Imagine a seguinte situação: em um dia qualquer, você sai de casa e sofre um acidente de trânsito ou então um assalto no qual é baleado. Como consequência, fica tetraplégico. Horrível de pensar, não? Mas existe solução? Pelo visto, existe sim: basta a seleção brasileira de futebol jogar e o Neymar fazer um gol. Aliás, segundo a imprensa, um golaço!
Ato contínuo, você se erguerá da cadeira de rodas e andará.
O brasileiro aí da foto se chama Miguel Ângelo Laporta Nicolelis, um médico e neurocientista paulista de 53 anos. Na década passada, foi apontado pela revista Scientific American como um dos 20 maiores cientistas do mundo. Premiado e reconhecido internacionalmente, lidera uma pesquisa da Universidade Duke (Durham, Estados Unidos), na área de fisiologia de órgãos e sistemas, que pretende permitir ao cérebro comandar próteses e, assim, permitir o movimento controlado e consciente a pessoas dotadas de deficiências físicas.
Segundo o seu currículo Lattes: "Atualmente é professor titular do Departamento de Neurobiologia e Co-Diretor do Centro de Neuroengenharia da Duke University (EUA), professor do Instituto Cérebro e Mente da Escola Politécnica Federal de Lausanne (Suíça) e Presidente do Instituto Internacional de Neurociências de Natal Edmond e Lily Safra (IINN-ELS). Tem experiência na área de Fisiologia, com ênfase em Neurofisiologia, atuando principalmente nos seguintes temas: informática médica, eletrofisiologia, sistemas sensoriais, sistema somestésico e próteses neurológicas."
Nicolelis deveria ser a melhor coisa da copa da FIFA no Brasil. Em minha opinião, a única coisa boa. Foi anunciado com anos de antecedência que, se tudo desse certo, na abertura do evento um paciente com deficiência usaria um exoesqueleto para chutar uma bola. Seria o primeiro chute da copa, uma demonstração dos méritos da ciência brasileira.
O chute aconteceu, no último dia 12. O voluntário Juliano Pinto, de 29 anos, usou o exoesqueleto. Mas a Globo, emissora oficial dos jogos, exibiu a cena por apenas 7 segundos, porque preferiu mostrar o ônibus da seleção brasileira chegando ao estádio. Sintomático. Pressionada nas redes sociais, a Globo culpou a FIFA pela escolha, omitindo o fato de possuir cinco câmeras exclusivas, fato de que se ufanou publicamente por muito tempo.
Assim, o cientista Nicolelis foi parar na fogueira da insanidade brasileira. A atual copa é menos um evento esportivo do que mais um capítulo na interminável, grosseira e burra guerra de pseudoideologias políticas e sociais em que estamos chafurdados. Você odeia o PT, então não pode elogiar a copa e, com isso, até uma pesquisa científica da maior relevância se tornou alvo de chacotas.

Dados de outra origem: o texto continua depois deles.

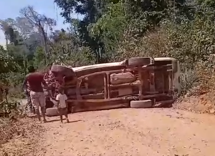 Segundo relatos de moradores locais, o motorista de uma caminhonete perdeu o controle do veículo após colidir com um tronco de árvore, o que fez com que o carro tombasse no meio da estrada .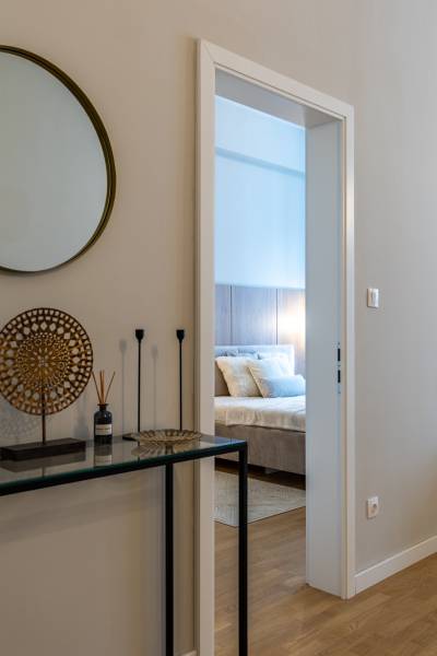 A klasszikus terek és a modern kényelem harmóniája. Üdv itthon!RÖVID ÖSSZEFOGLALÓBudapest V. kerületében, Hild tér mellett, a méltán kedvelt Október 6. utcában, 1845-ban épült, lift nélküli, kívül jó, belül átlagos, a lépcsőház pedig átlagon aluli állapotú társasház 2. emeletén, 102 m² alapterületű,utcára néző, nappali + 3 hálószobás, 2 fürdőszobás, kiváló állapotú, azonnal költözhető lakás. Ízléses, hangulatos, igazi otthon.LOKÁCIÓ – A város középpontjábanA múltat idéző, építészeti remekművek adta környezet a város lüktető szíve. Éttermek, kávézók, üzletek sokasága várja az itt élőket. Egyszerre kínál kulturális gazdagságot, kényelmet és inspiráló városi életérzést. A Duna-part, Szabadság tér, Erzsébet tér, Deák Ferenc tér, Bazilika 2 perc sétatávolságon belül.Benn vagyunk a központban mindenhez közel. Mindig tudunk magunknak izgalmas programot találni:- esti séta a Duna-parton- borbár a barátokkal- színház a kedvesünkkel- shoppingolás- kávé valamelyik helyi kávézóban- reggeli brunch az ArtizánbanA sort hosszasan lehetne folytatni.A kiváló elhelyezkedéséhez nem fér kétség, a kényelmes, biztonságos környezet garantált!AZ ÉPÜLET – Történelmi érték, rendezett miliőA XIX. század közepén épült társasház a klasszikus belvárosi polgári építészet egyik ékes példája. A homlokzat méltóságot sugároz, a tágas belső udvar hangulatos atmoszférát teremt, a lépcsőház pedig őrzi a korabeli építészeti részleteket. Bár lift nem található benne, a második emeleti elhelyezkedés könnyedén megközelíthető, ami tovább erősíti a klasszikus polgári jelleg autentikus hangulatát.Parkolni a környező utcákban (fizetős övezet) vagy bérléssel lehetséges.LAKÁS – Kortárs elegancia polgári alapokonA lakás teljes felújítása során a polgári szerkezet nagyvonalú arányait ötvözték a modern otthonok kényelmével és kifinomult esztétikájával. A nappali világos, tágas tér, amelyet a nagyméretű ablakokon át beáradó fény és a visszafogott színek harmóniája tesz különlegessé. A konyha elegáns fekete és natúr fa kombinációban készült, beépített gépekkel és rejtett világítással, amely egyszerre esztétikus és funkcionális. A három különnyíló hálószoba neutrális tónusokkal és természetes fa padlóval biztosít nyugodt, kiegyensúlyozott atmoszférát. A két fürdőszoba olasz burkolatokkal, modern szaniterekkel és LED-világítással készült – egyik káddal, másik walk-in zuhannyal, a legmagasabb komfortérzetet kínálva.MIÉRT KÜLÖNLEGES? Az utcára néző ablakokból minden nap a belváros gazdagon díszített homlokzatai tárulnak fel. Ez a látvány folyamatos párbeszédet teremt a lakás modern, letisztult belső világával: a klasszikus polgári építészet részletei és a kortárs design tiszta vonalai együttese ad különleges élményt, amely egyszerre idézi meg a múlt értékeit és a jelen kifinomultságát.MEGHÍVÓEz a 102 m²-es belvárosi lakás a klasszikus polgári hangulat és a modern elegancia tökéletes egysége. Egy olyan otthon, amely a város közepén biztosítja a kifinomult életteret, időtálló értéket képvisel és méltó választás mindazok számára, akik a belváros legjobb adottságait keresik.----------------------------------Díjmentes, bankfüggetlen hiteltanácsadással támogatjuk vevő ügyfeleinket a számukra legelőnyösebb finanszírozási döntések meghozatalában. Opcionálisan igénybe vehető kiegészítő szolgáltatásainkkal – mint ügyvédi közreműködés, energetikai tanúsítvány vagy villamos biztonsági felülvizsgálat – teljes körű szakmai támogatást nyújtunk az adásvétel folyamatának minden egyes lépésénél.A hirdetésben szereplő információk tájékoztató jellegűek. A tévedés és az árváltoztatás jogát fenntartjuk. Az esetleges elírásokért és technikai hibákért felelősséget nem vállalunk.Spacious Period Apartment in the Heart of DowntownWhere classical proportions meet modern comfort. Welcome home!SHORT OVERVIEWFor sale in Budapest’s 5th district, next to Hild Square, on the highly sought-after Október 6. Street: a 102 m² apartment located on the 2nd floor of a classic, 1845-built residential building (no elevator).The building’s exterior is in good condition, while the staircase and common areas are average to below average.The property itself is in excellent condition and ready to move into.It features a spacious living room, three separate bedrooms, two bathrooms, and street-facing windows.Elegant, warm, and truly feels like home.LOCATION – In the Heart of the CityA neighbourhood that captures the essence of historic Budapest — surrounded by architectural masterpieces, vibrant city life, and a rich cultural scene.Cafés, restaurants, and boutiques are just around the corner, offering both comfort and inspiration for urban living.The Danube River, Szabadság Square, Erzsébet Square, Deák Ferenc Square, and the Basilica are all within a 2-minute walk.Living here means being at the centre of everything — with endless possibilities just steps away:An evening stroll along the DanubeWine bar with friendsTheatre night with your loved oneA bit of shoppingCoffee at a local caféBrunch at Artizán Bakery…and the list goes on.The location speaks for itself: a safe, convenient, and elegant environment in one of the most desirable parts of the city.THE BUILDING – Historic Charm, Timeless AtmosphereBuilt in the mid-19th century, this classic townhouse is a fine example of downtown bourgeois architecture.The façade radiates dignity, the spacious inner courtyard creates a pleasant, intimate atmosphere, and the staircase retains original architectural details from the era.Although there is no lift, the second-floor location is easily accessible, preservin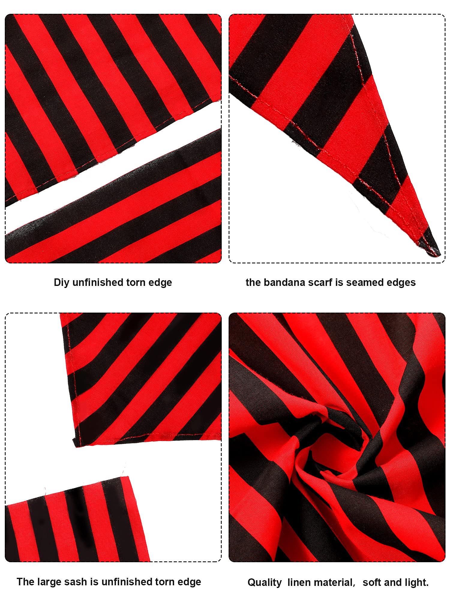 Description Pirate Halloween costume medieval renaissance linen bandana and large sash waist belt accessory Features: Quality material: Our bandana and large sash are all made of linen, soft and light, comfortable and easy to wear. Function: Suitable for pirate dress up parties, pirate role play, Halloween Christmas night, stage performances, cosplay, role play, masquerade, Mardi gras, birthday, photography or daily wear. Specifications: Quantity: 2 pieces Color: as the picture shows Material: linen fabric Package includes: 1 x Pirate bandana 1 x Pirate large sash Note: Please make sure the size before you buy it.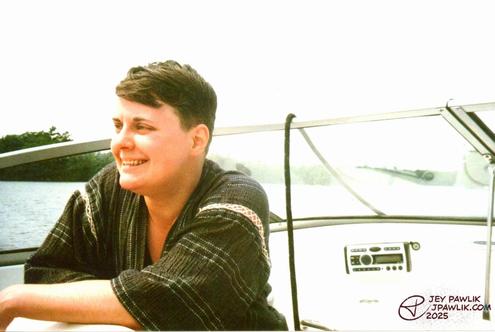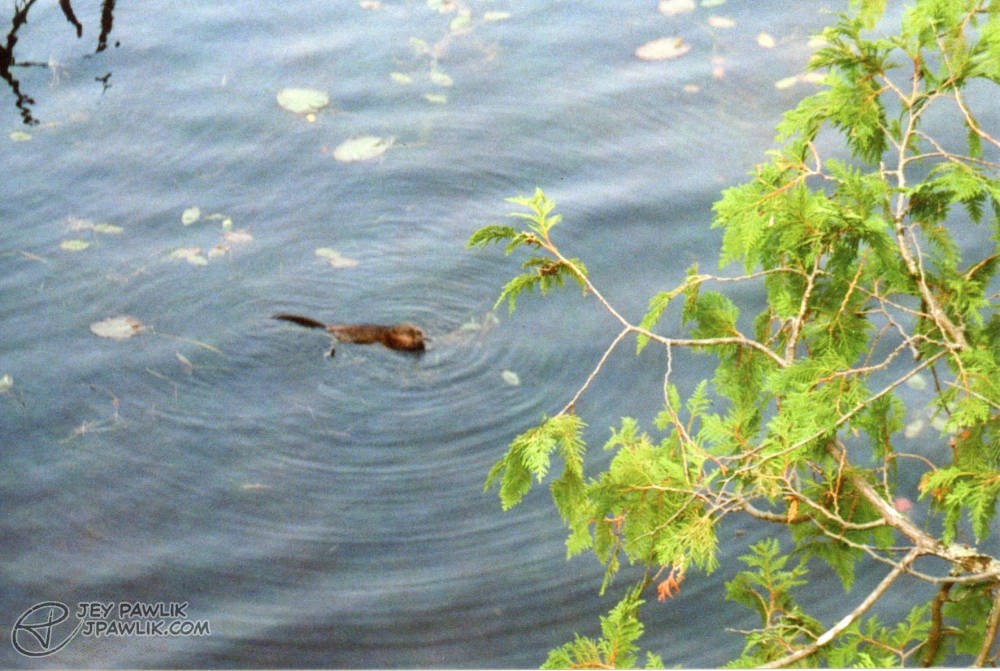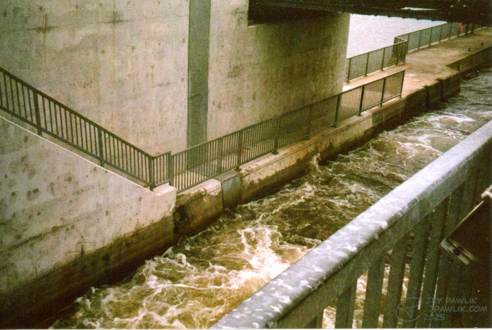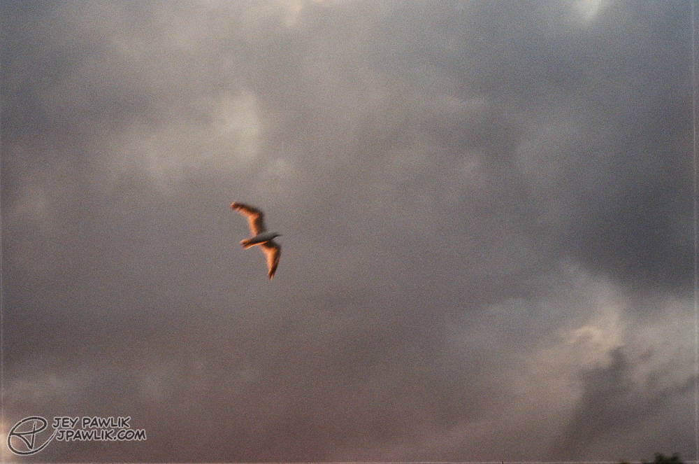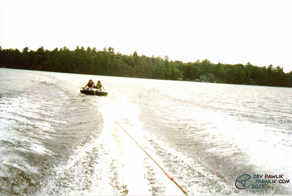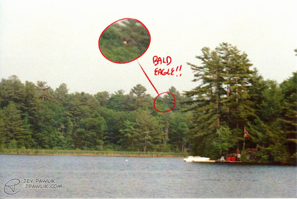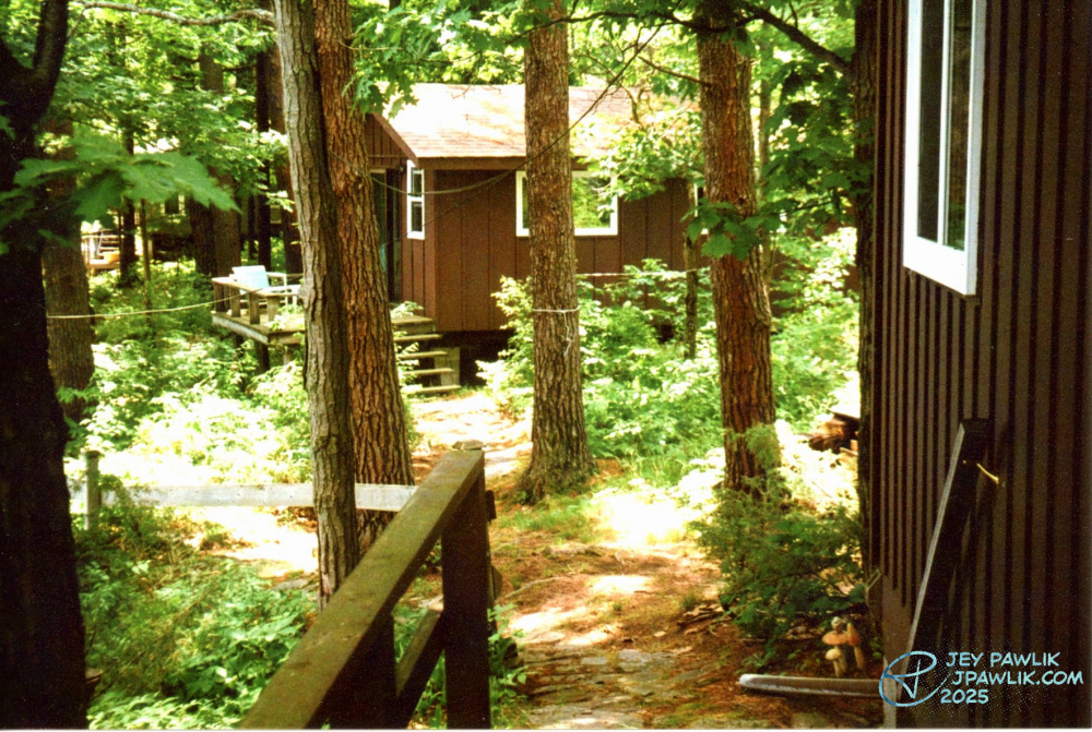 Colour film photo of a lake up in Port Severn. It's very overcast and the trees came out very dark.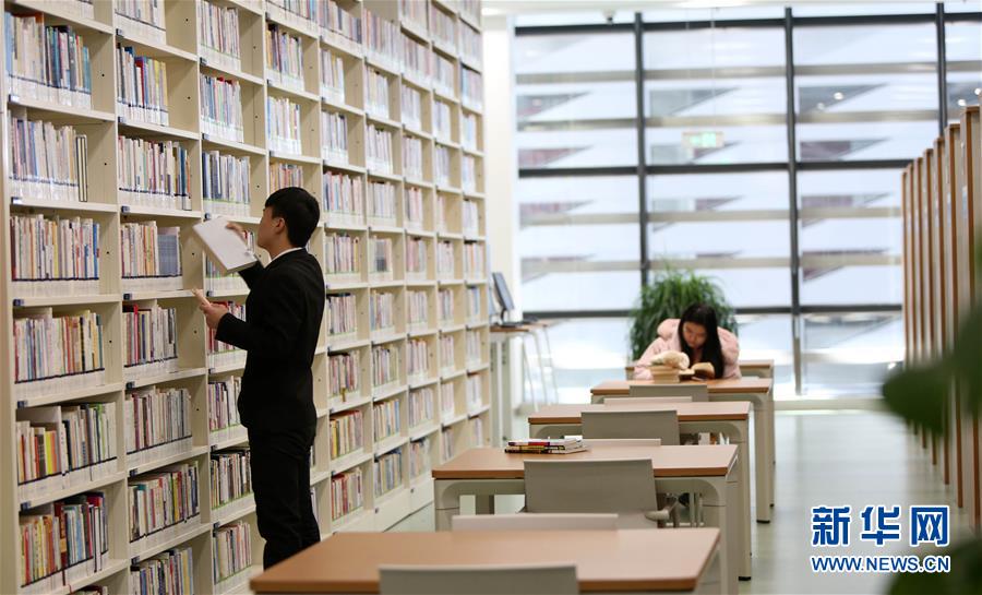 12月27日,在天津滨海新区图书馆,工作人员(左)在阅览室中摆放图书。 滨海新区图书馆位于天津滨海文化中心,2017年10月1日正式开馆,设计立意为“滨海之眼”和“书山有路勤为径”。图书馆现有藏书60多万册,一年多来接待读者约280万人次,已成为滨海新区的文化“新地标”。 新华社记者伍婧丹摄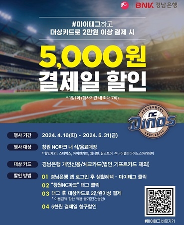경남은행 모바일뱅킹앱 ‘마이태그’에서 ‘창원 NC파크’를 태그한 후 경남BC카드를 이용해 창원 NC파크 내 식·음료매장에서 건당 2만 원 이상 결제하면 5000원을 청구 할인 받을 수 있다.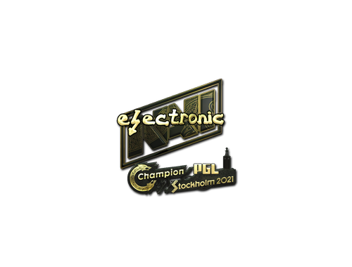 This item commemorates the 2021 PGL Stockholm CS:GO Championship. This sticker can be applied to any weapon you own and can be scraped to look more worn. You can scrape the same sticker multiple times, making it a bit more worn each time, until it is removed from the weapon. This gold sticker was autographed by professional player Denis Sharipov playing for Natus Vincere, Champion at the PGL Stockholm 2021 CS:GO Major Championship.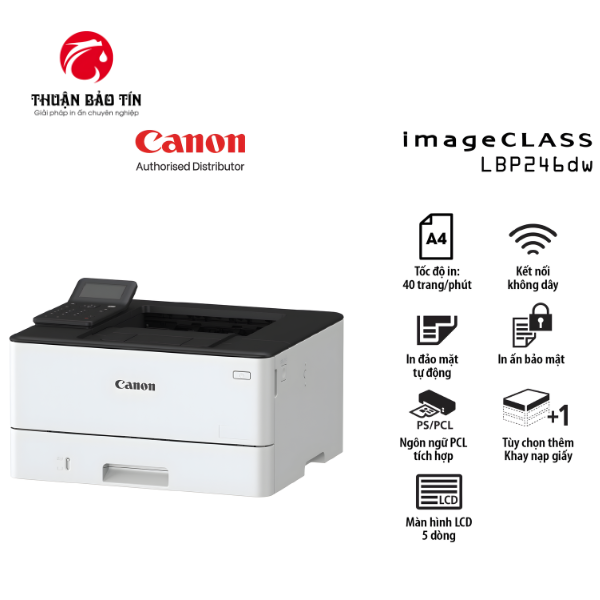 Trong môi trường làm việc hiện đại, việc lựa chọn một thiết bị in ấn ổn định, bền bỉ và dễ triển khai sẽ giúp công việc văn phòng trở nên trôi chảy hơn mỗi ngày. Đó cũng là lý do Canon LBP246DW đang được nhiều doanh nghiệp nhỏ, văn phòng vừa và người làm việc chuyên nghiệp ưu tiên lựa chọn. Cùng Thuận Bảo Tín tìm hiểu công năng, lợi ích của máy in Canon LBP246DW cho văn phòng hiện nay. Thiết kế gọn gàng, dễ bố trí của Canon LBP246DW Canon LBP246DW sở hữu thiết kế gọn gàng với kích thước khoảng 399 x 373 x 249 mm, trọng lượng khoảng 8,7 kg, giúp dễ dàng bố trí trong nhiều không gian làm việc khác nhau. Máy phù hợp đặt tại bàn làm việc cá nhân, phòng hành chính hoặc khu vực in chung mà không chiếm nhiều diện tích, đáp ứng tốt cả mô hình văn phòng truyền thống lẫn không gian làm việc linh hoạt. Bên cạnh thiết kế, Canon LBP246DW còn được đánh giá cao về độ bền và khả năng vận hành ổn định. Với chu kỳ in tối đa lên đến 80.000 trang/tháng, máy hoạt động trơn tru trong thời gian dài, ít xảy ra lỗi kỹ thuật, phù hợp sử dụng lâu dài cho doanh nghiệp có nhu cầu in ấn thường xuyên. Canon LBP246DW giúp tối ưu chi phí vận hành và thời gian xử lý tài liệu Một trong những lợi ích lớn nhất khi sử dụng Canon LBP246DW chính là khả năng tối ưu chi phí vận hành lâu dài. Máy sử dụng hộp mực Canon Cartridge 070 / 070H, trong đó bản dung lượng cao cho khả năng in lên đến 10.200 trang kết hợp tính năng in hai mặt tự động là điểm cộng lớn của Canon LBP246DW, giúp người dùng tiết kiệm đáng kể lượng giấy tiêu thụ, giúp giảm đáng kể chi phí trên mỗi bản in và hạn chế tần suất thay mực.  Bên cạnh đó, thời gian in trang đầu tiên chỉ khoảng 5 giây, giúp người dùng tiết kiệm thời gian chờ đợi, đặc biệt trong những giai đoạn cao điểm. Việc hoàn thành tài liệu đúng tiến độ góp phần nâng cao hiệu quả làm việc chung của cả văn phòng. Tốc độ in nhanh đưa ra chất lượng bản in sắc nét Canon LBP246DW sở hữu tốc độ in ấn ấn tượng lên đến 40 trang/phút (A4) và 42 trang/phút (Letter), đáp ứng tốt nhu cầu xử lý tài liệu liên tục. Nhờ khả năng in nhanh, người dùng có thể hoàn thành khối lượng công việc lớn trong thời gian ngắn mà không làm gián đoạn quy trình làm việc. Tốc độ cao đặc biệt phù hợp với môi trường văn phòng bận rộn, nơi nhiều người cần in tài liệu cùng lúc. Canon LBP246DW giúp giảm tình trạng chờ đợi, nâng cao trải nghiệm sử dụng và hiệu suất chung, nhất là khi triển khai in qua mạng nội bộ. Bên cạnh tốc độ, Canon LBP246DW còn mang lại chất lượng bản in rõ ràng, chữ nét và đều mực nhờ công nghệ in laser đơn sắc tiên tiến. Văn bản in ra có độ tương phản cao, dễ đọc, phù hợp in hợp đồng, hồ sơ pháp lý hay tài liệu quan trọng. Canon LBP246DW hỗ trợ nhiều hình thức kết nối hiện đại Canon LBP246DW hỗ trợ đa dạng kết nối gồm USB 2.0, LAN Ethernet và Wi-Fi, Khả năng in không dây qua AirPrint, Mopria và Canon PRINT Business giúp dễ dàng tích hợp vào hệ thống văn phòng. Người dùng có thể in trực tiếp từ máy tính, laptop hoặc thiết bị di động mà không cần cấu hình phức tạp. Máy tương thích tốt với nhiều hệ điều hành phổ biến như Windows, macOS, Linux và Chrome OS. Việc cài đặt Driver Canon LBP246DW đơn giản, nhanh chóng, giúp triển khai dễ dàng trong môi trường nhiều thiết bị. Nhờ khả năng tương thích cao và vận hành ổn định, Canon LBP246DW giúp bộ phận IT tiết kiệm thời gian, công sức khi đưa máy vào sử dụng và quản lý lâu dài. Thuận Bảo Tín chuyên cung cấp máy in Canon LBP246DW uy tín Đà Nẵng Thuận Bảo Tín là đơn vị chuyên cung cấp máy in Canon LBP246DW chính hãng uy tín tại Đà Nẵng, được nhiều doanh nghiệp và văn phòng tin tưởng lựa chọn. Khi mua Canon LBP246DW tại Thuận Bảo Tín, khách hàng được cam kết sản phẩm mới 100%, đầy đủ bảo hành theo tiêu chuẩn Canon, đồng thời được tư vấn giải pháp in ấn phù hợp, hỗ trợ cài đặt Driver Canon LBP246DW và cung cấp hộp mực máy in Canon LBP246DW chính hãng giúp tối ưu chi phí sử dụng lâu dài. Liên hệ ngay Thuận Bảo Tín để được tư vấn chi tiết, báo giá nhanh và nhận nhiều ưu đãi hấp dẫn.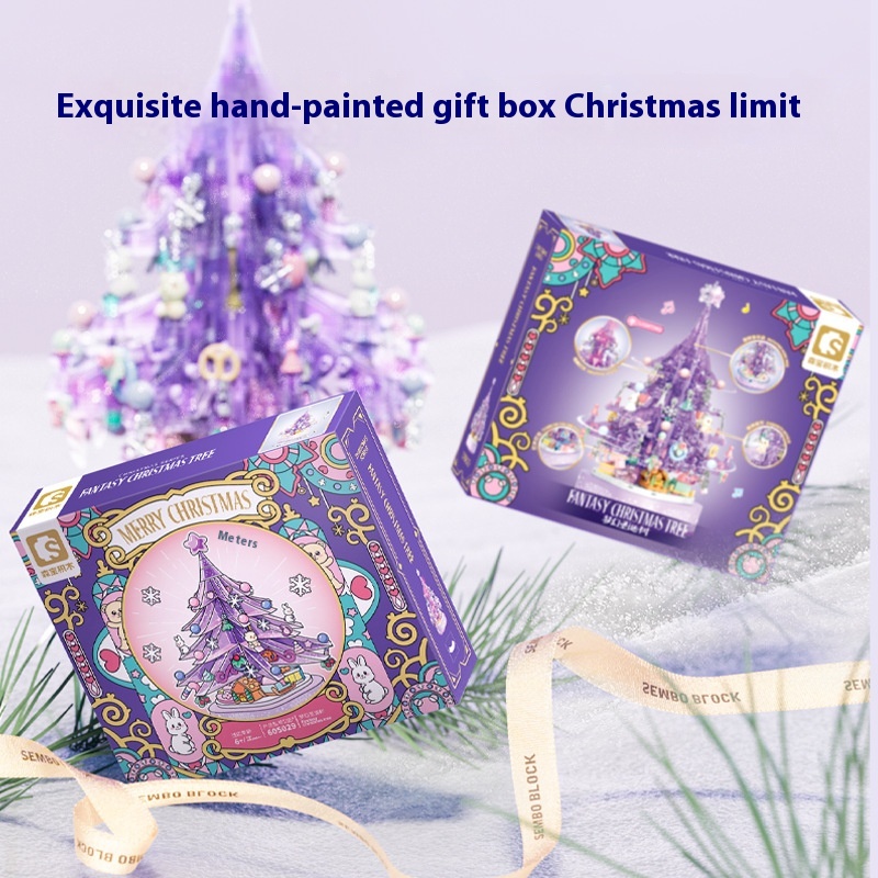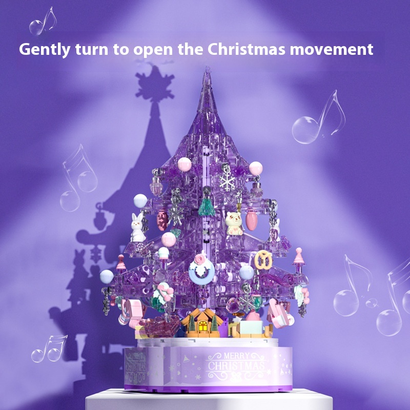 Senbao605029 Dream Christmas Tree Music Box Assembly Model Children's Small Particles Assembled Building Blocks Toy Gift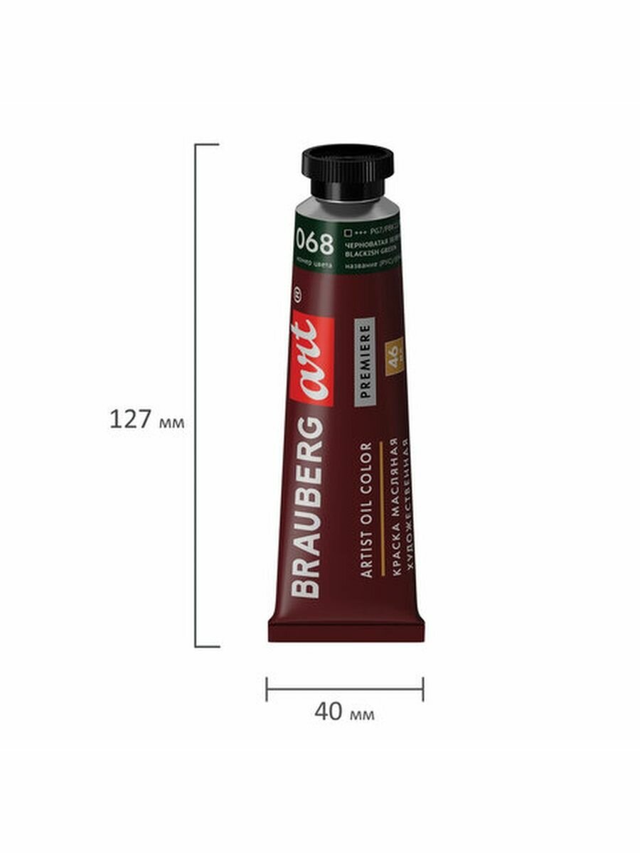 Краска масляная художественная BRAUBERG ART PREMIERE, 46 мл, проф. серия, черноватая зеленая, 191432 (цена за 1 ед.товара) информация:

"Ideólogos" oficiais e mais conhecidos dos setores mais deprimentes da sociedade brasileira, Diogo Mainardi e Reinaldo Azevedo tripudiaram do cientista que, felizmente, não deixou por menos e respondeu à altura (veja aqui). Mas ele não merecia ter seu nome sequer pronunciado por esses dois beócios. Para minorar um pouco os nossos pecados, este foi um caso em que mesmo a imprensa, deslumbrada e mal intencionada, sentiu que não podia ficar do lado dos maus: foi obrigada a valorizar Nicolelis e seu trabalho. Isso é um alento, sem dúvida, mesmo que amanhã somente os especialmente interessados no tema se recordem de seu nome. O restante do povo estará injetando a tabela da copa na veia.
Entusiasta da ciência, sou fã de Nicolelis, ainda que lamentando que a brasilidade de sua pesquisa dependa de políticas públicas e recursos estrangeiros, como sempre. Mas ela existe e traz o nome do Brasil na frente. Para iluminar os caminhos de quem pode vir a ser o futuro da ciência brasileira, se chegar o dia em que ela, enfim, seja levada a sério.
Até lá, os gritos de gol serão dados das cadeiras de rodas e leitos de hospital, como hoje em dia.